To-day we are called upon to keep the festival of revelation. Every other great festival of our Church commemorates a fact through which God has been pleased to teach men something of His purpose of love; Trinity Sunday encourages us to reflect for a brief space on that final truth, most absolute, most elementary, most practical, which gives unity and stability to all knowledge. The view of the Divine nature which it offers for our devout contemplation is the charter of human faith.

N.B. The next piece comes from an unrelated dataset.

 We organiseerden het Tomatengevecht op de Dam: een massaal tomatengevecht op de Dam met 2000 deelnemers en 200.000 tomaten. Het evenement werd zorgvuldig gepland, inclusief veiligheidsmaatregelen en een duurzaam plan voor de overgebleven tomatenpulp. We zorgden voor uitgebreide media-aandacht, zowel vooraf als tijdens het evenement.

I. The conception of the Triune God is not given to us first in an abstract form. The abstract statement is an interpretation of facts, a human interpretation of vital facts, an interpretation wrought out gradually in the first years of the Church, and still mastered gradually in our individual growth. We are required each, in some sense, to win for ourselves the inheritance which is given to us, if the inheritance is to be a blessing. We learn through the experience of history and life how God acts, the Father, the Son, and the Holy Spirit, and by the very necessity of thought we are constrained to gather up these lessons into the simplest possible formula. So we come to recognise a Divine Trinity, which is not sterile, monotonous simplicity. We come to recognise One in whom is the fulness of all conceivable existence in the richest energy, One absolutely self-sufficient and perfect, One in whom love finds absolute consummation, One who is in Himself a living God, the fountain and the end of all life.

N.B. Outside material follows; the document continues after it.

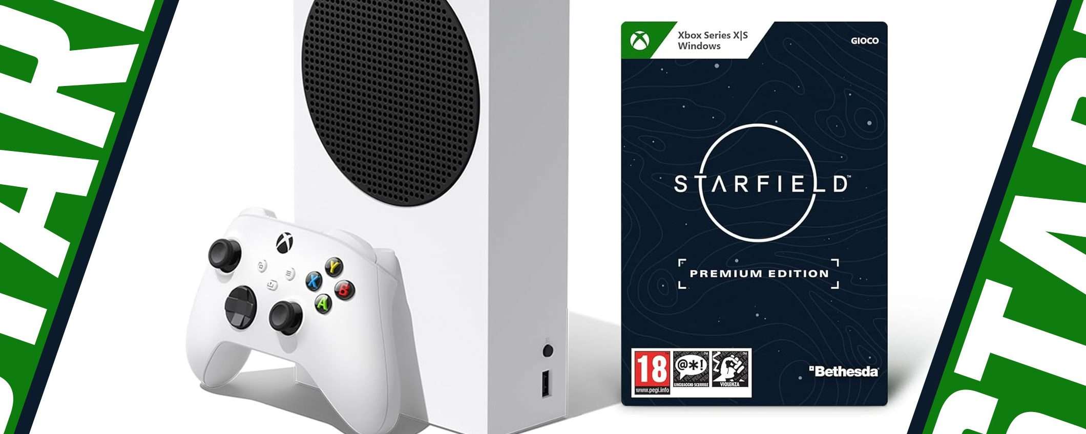 In questo momento è possibile acquistare Xbox Series S e Starfield Digital Premium Edition al prezzo finale di 386 euro invece di 409 euro come da listino, con un risparmio di 23 euro. Non c’è bisogno di attivare coupon né di inserire codici: è tutto pronto per metterlo nel carrello. È in offerta anche il bundle con la versione Digital Standard Edition del gioco, al prezzo di 356 euro.

II. The conception of the Triune God illuminates the idea of creation. It enables us to gain firm hold of the truth that the learning which we observe under the condition of time answers to a Being beyond time; that history is the writing out at length of that which we may speak of as a Divine thought. The same conception illuminates the idea of the Incarnation. It enables us to see that the Incarnation in its essence is the crown of the Creation, and that man, being made capable of fellowship with God, has in his very constitution a promise of the fulfilment of his highest destiny.

III. This truth is not speculative, but practical. The Chris tian conception of God is the translation into the language of thought of the first Christmas, Easter, and Whitsuntide. By our faith in these facts we confess that the Divine life has been united with human life. We confess, even if we do not distinctly realise the force of the confession, that the Divine life is the foundation and the end of human life. And we live, so far as life deserves the name, by this faith by which consciously or unconsciously we are stirred to toil and sustained in sacrifice.

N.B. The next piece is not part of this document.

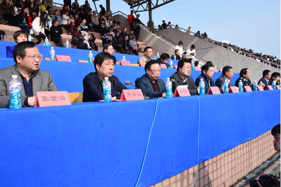 本网讯(学生记者/李筱晗)4月13日,第二十四届田径运动会开幕式在东南校区操场举行,党委副书记郭建生、副书记秦鹏鸣、副校长陈世云、副校长张世海、工会主席周礼春出席大会,田径运动会全体成员参加,全校大一学生前来观看。

Bishop Westcott, Oxford Review and Journal ; May 24th, 1883.

References: Revelation 4:8 . F. W. Farrar, Christian World Pulpit, vol. xxxiii., p. 357. Revelation 4:10 . Spurgeon, Sermons, vol. xix., No. 1002; Homilist, 1st series, vol. vi., p. 425.Revelation 4:10 , Revelation 4:11 . M. Dix, Sermons Doctrinal and Practical, p. 145; Preacher's Monthly, vol. v., p. 286. Revelation 4:11 . Homiletic Quarterly, vol. ii., p. 12.Revelation 5:1-10 . Ibid., vol. i., p. 417. Revelation 5:4 , Revelation 5:5 . A. James, Christian World Pulpit, vol. xxix., p. 21.Revelation 5:5 , Revelation 5:6 . Homiletic Quarterly, vol. ii., p. 414.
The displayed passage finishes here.